# Interaction of hemispherical blast waves with inhomogeneous spheres:   Probing the collision of a supernova ejecta with a nearby companion star in   the laboratory

**Authors:** Domingo Garc\'ia-Senz, Pedro Velarde, Francisco Suzuki-Vidal, Chantal, Stehl\'e, Manuel Cotelo, David Portillo, Tomasz Plewa, Arthur Pak

arXiv: 1812.06285 · 2018-12-18

## TL;DR

This paper proposes a novel laboratory experiment setup to simulate supernova ejecta interacting with a companion star, incorporating shock curvature and density stratification to better mimic astrophysical conditions.

## Contribution

The work introduces a new experimental platform that models supernova ejecta interactions with inhomogeneous, curved targets, advancing laboratory astrophysics capabilities.

## Key findings

- Qualitative agreement with astrophysical models
- Design effectively captures ejecta-companion interaction features
- Potential to study diverse supernova scenarios

## Abstract

Past high-energy density laboratory experiments provided insights into the physics of supernovae, supernova remnants, and the destruction of interstellar clouds. In a typical experimental setting, a laser-driven planar blast wave interacts with a compositionally-homogeneous spherical or cylindrical target. In this work we propose a new laboratory platform that accounts for curvature of the impacting shock and density stratification of the target.
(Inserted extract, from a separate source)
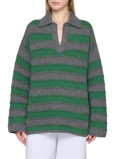 A study in relaxed refinement, this rugby sweater is rendered in sumptuous heavyweight cashmere with fern stripes lending quiet rhythm to the knit. Designed for effortless layering, it pairs seamlessly with tailored trousers or relaxed lounge pants for refined off-duty moments.

Both characteristics reflect the conditions expected to exist shortly after a supernova explosion in a close binary system. We provide details of a proposed experimental design (laser drive, target configuration, diagnostic system), optimized to capture the key properties of recent ejecta-companion interaction models. Good qualitative agreement found between our experimental models and their astrophysical counterparts highlights strong potential of the proposed design to probe details of the ejecta-companion interaction for broad classes of objects by means of high energy density laboratory experiments.